● **What you have to do**
Up to and including the line with "ネイビー レディース 【中古】", output the records exactly as they appear.

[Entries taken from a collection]
********

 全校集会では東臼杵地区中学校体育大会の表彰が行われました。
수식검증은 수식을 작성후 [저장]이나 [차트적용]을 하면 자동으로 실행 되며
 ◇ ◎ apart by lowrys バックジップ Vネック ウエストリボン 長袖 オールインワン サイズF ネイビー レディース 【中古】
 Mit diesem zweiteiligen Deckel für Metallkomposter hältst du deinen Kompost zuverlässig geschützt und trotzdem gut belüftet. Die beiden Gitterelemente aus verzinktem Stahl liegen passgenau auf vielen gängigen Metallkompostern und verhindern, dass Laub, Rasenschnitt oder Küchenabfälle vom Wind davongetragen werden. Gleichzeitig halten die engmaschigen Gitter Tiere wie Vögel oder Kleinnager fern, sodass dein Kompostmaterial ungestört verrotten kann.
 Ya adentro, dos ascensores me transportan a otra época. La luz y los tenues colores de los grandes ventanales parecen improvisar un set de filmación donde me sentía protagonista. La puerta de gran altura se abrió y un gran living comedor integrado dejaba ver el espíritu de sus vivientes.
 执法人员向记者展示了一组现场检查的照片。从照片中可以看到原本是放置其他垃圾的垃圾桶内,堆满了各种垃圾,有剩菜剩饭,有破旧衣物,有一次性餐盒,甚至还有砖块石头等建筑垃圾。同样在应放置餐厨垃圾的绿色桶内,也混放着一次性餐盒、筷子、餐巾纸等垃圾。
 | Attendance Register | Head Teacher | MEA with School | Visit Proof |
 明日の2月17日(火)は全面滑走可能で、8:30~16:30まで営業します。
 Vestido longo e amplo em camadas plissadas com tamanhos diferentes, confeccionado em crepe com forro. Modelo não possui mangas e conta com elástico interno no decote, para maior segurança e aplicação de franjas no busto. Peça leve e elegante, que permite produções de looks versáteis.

********

● **Output of the exercise**
 全校集会では東臼杵地区中学校体育大会の表彰が行われました。
수식검증은 수식을 작성후 [저장]이나 [차트적용]을 하면 자동으로 실행 되며
 ◇ ◎ apart by lowrys バックジップ Vネック ウエストリボン 長袖 オールインワン サイズF ネイビー レディース 【中古】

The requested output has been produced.